Introducing the International Malaria Vector Surveillance for Elimination (MVSE) course
To address this shortfall of entomological surveillance skills, the Asia-Pacific Malaria Elimination Network (APMEN), through its Vector Control Working Group (VCWG) led by Malaria Consortium, has for several years engaged countries and stakeholders in vector surveillance capacity strengthening, through exchanging technical and programmatic guidance between regional malaria control programs and elimination partners in the Asia-Pacific region. One of these interventions has been organising an annual, two-week course, covering most aspects of malaria vector surveillance.

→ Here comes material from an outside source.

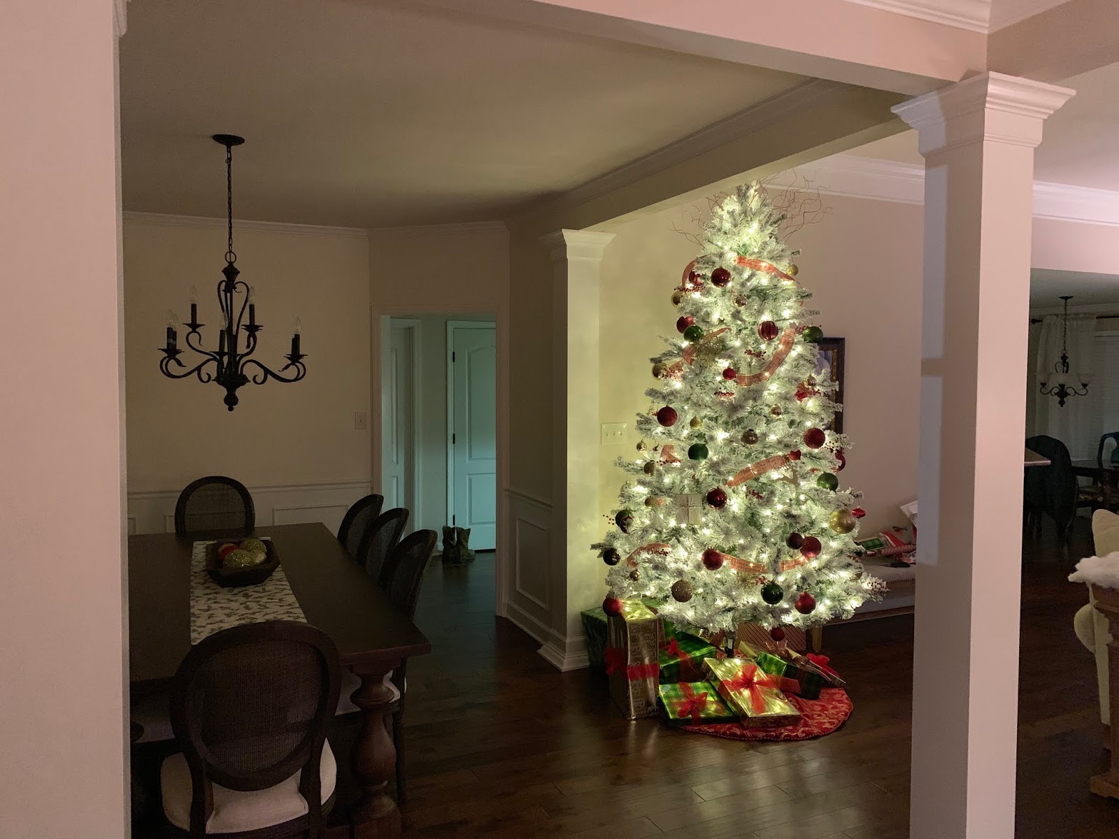 To the left of the entryway is the dining room and I’m just trying to ignore that this year haha! I just stuck a runner on the table and used colored balls in the dough bowl. Next year, I’ll do a little more like I did last year!

The first International Malaria Vector Surveillance for Elimination (MVSE) course was held in 2018 and hosted by the Institute of Medical Research in Kuala Lumpur, while the second was hosted by Kasetsart University in Bangkok in 2019. The COVID-19 pandemic prevented us from holding similar courses in 2020 and 2021. But this year, the third MVSE course will be held at the Mohanlal Sukhadia University in Udaipur, India. We will also be regionalising the course – inviting applications from National Malaria Control Programme staff and also research institutions from six nations in South Asia, with the intention to repeat the course in the Malay Archipelago and Melanesia Region in 2023.
MVSE is an intensive training course, covering topics such as the development of a surveillance programme and mosquito sampling techniques, with field trips to have hands-on experience in larval and adult collections of mosquitoes, mosquito identification, insecticide susceptibility monitoring, insectary establishment and maintenance and other aspects.
To host and implement the training course this year, we are fortunate to have the support of the Laboratory of Public Health Entomology in the Department of Zoology of the Mohanlal Sukhadia University in Udaipur, India. This laboratory, and the department, are headed by Professor Arti Prasad, referred to as a “one-woman army” by her students, who highly respect her leadership and academic qualities. We will also have multiple volunteers undertaking the training, including Professor Neil Lobo from the University of Notre Dame in the United States, Professor Sylvie Manguin from France, several experts from WHO including Dr Eikhan Gasimov, Dr BN Nagpal, Dr Rajpal Yadav, and local experts such as Dr Ranjander Sharma and Mr PT Joshi.
The course will take place from 3 to 5 July 2022 and we will be sharing updates frequently on The Forum page of our Online Resource Exchange Network for Entomology (ORENE) website – a product of the Vector Control Working Group. Watch this space!